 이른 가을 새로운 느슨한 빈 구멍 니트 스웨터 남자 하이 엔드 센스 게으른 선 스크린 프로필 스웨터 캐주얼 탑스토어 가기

---

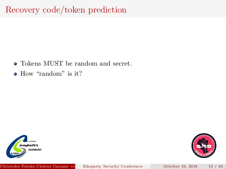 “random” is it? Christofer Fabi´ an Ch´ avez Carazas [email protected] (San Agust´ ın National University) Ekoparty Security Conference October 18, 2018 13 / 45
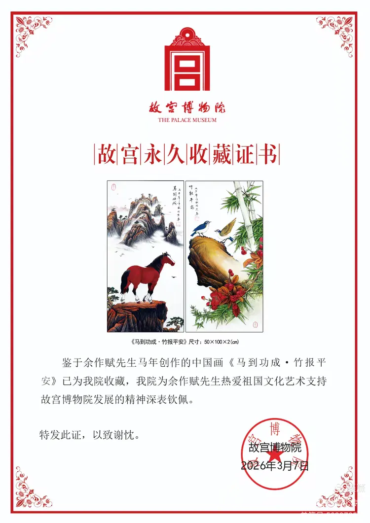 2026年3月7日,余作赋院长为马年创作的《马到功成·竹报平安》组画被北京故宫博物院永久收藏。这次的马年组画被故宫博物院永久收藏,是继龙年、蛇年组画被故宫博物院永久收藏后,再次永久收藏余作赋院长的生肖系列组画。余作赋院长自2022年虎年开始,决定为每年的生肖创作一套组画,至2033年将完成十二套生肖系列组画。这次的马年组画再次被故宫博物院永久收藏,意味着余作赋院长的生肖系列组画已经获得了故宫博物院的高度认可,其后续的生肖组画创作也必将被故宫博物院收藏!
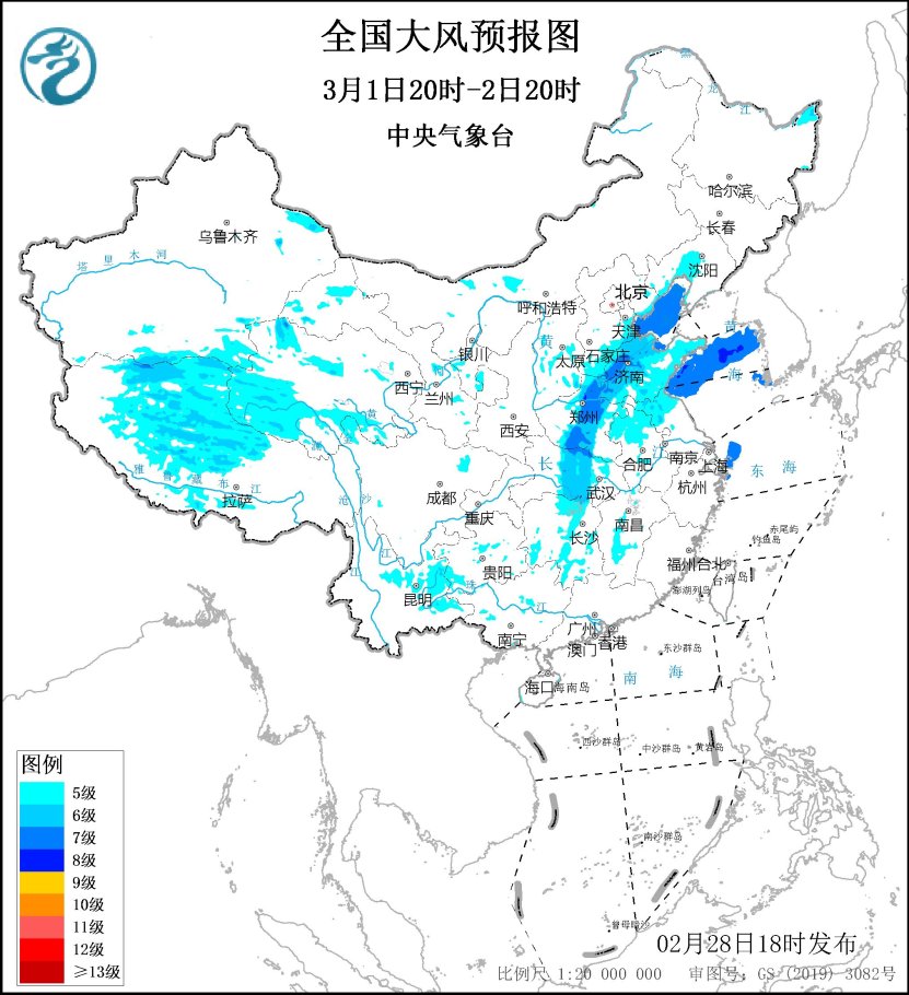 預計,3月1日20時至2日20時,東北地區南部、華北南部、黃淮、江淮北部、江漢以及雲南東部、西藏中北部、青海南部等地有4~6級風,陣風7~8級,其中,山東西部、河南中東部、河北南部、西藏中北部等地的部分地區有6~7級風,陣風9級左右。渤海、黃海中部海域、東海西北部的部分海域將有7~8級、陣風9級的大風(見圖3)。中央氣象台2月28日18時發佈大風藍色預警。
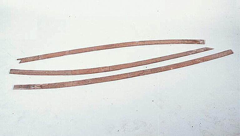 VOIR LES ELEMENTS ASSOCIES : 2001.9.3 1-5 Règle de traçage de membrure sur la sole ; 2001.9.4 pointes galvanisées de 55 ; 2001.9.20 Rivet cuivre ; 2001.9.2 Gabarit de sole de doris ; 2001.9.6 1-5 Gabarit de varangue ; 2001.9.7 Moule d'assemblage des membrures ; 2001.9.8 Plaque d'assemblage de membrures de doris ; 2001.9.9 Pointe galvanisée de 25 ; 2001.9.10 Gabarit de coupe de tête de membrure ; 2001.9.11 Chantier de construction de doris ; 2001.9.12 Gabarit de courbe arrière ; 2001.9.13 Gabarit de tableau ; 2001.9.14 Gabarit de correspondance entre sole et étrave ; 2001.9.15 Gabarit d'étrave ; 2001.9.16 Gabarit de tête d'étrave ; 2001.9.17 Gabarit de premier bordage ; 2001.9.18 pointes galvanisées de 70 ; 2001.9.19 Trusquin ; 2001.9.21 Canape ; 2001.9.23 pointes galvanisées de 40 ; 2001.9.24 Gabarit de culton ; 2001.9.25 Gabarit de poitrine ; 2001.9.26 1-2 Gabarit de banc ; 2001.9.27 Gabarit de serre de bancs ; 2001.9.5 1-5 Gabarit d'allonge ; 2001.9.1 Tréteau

→ Exercise objective
In the listing above, find the line containing "2018 13 / 45" and the line containing "VOIR LES ELEMENTS", then write out both of them and every line between, exactly, with no pictures.

→ Written reply
 “random” is it? Christofer Fabi´ an Ch´ avez Carazas [email protected] (San Agust´ ın National University) Ekoparty Security Conference October 18, 2018 13 / 45
 2026年3月7日,余作赋院长为马年创作的《马到功成·竹报平安》组画被北京故宫博物院永久收藏。这次的马年组画被故宫博物院永久收藏,是继龙年、蛇年组画被故宫博物院永久收藏后,再次永久收藏余作赋院长的生肖系列组画。余作赋院长自2022年虎年开始,决定为每年的生肖创作一套组画,至2033年将完成十二套生肖系列组画。这次的马年组画再次被故宫博物院永久收藏,意味着余作赋院长的生肖系列组画已经获得了故宫博物院的高度认可,其后续的生肖组画创作也必将被故宫博物院收藏!
 預計,3月1日20時至2日20時,東北地區南部、華北南部、黃淮、江淮北部、江漢以及雲南東部、西藏中北部、青海南部等地有4~6級風,陣風7~8級,其中,山東西部、河南中東部、河北南部、西藏中北部等地的部分地區有6~7級風,陣風9級左右。渤海、黃海中部海域、東海西北部的部分海域將有7~8級、陣風9級的大風(見圖3)。中央氣象台2月28日18時發佈大風藍色預警。
 VOIR LES ELEMENTS ASSOCIES : 2001.9.3 1-5 Règle de traçage de membrure sur la sole ; 2001.9.4 pointes galvanisées de 55 ; 2001.9.20 Rivet cuivre ; 2001.9.2 Gabarit de sole de doris ; 2001.9.6 1-5 Gabarit de varangue ; 2001.9.7 Moule d'assemblage des membrures ; 2001.9.8 Plaque d'assemblage de membrures de doris ; 2001.9.9 Pointe galvanisée de 25 ; 2001.9.10 Gabarit de coupe de tête de membrure ; 2001.9.11 Chantier de construction de doris ; 2001.9.12 Gabarit de courbe arrière ; 2001.9.13 Gabarit de tableau ; 2001.9.14 Gabarit de correspondance entre sole et étrave ; 2001.9.15 Gabarit d'étrave ; 2001.9.16 Gabarit de tête d'étrave ; 2001.9.17 Gabarit de premier bordage ; 2001.9.18 pointes galvanisées de 70 ; 2001.9.19 Trusquin ; 2001.9.21 Canape ; 2001.9.23 pointes galvanisées de 40 ; 2001.9.24 Gabarit de culton ; 2001.9.25 Gabarit de poitrine ; 2001.9.26 1-2 Gabarit de banc ; 2001.9.27 Gabarit de serre de bancs ; 2001.9.5 1-5 Gabarit d'allonge ; 2001.9.1 Tréteau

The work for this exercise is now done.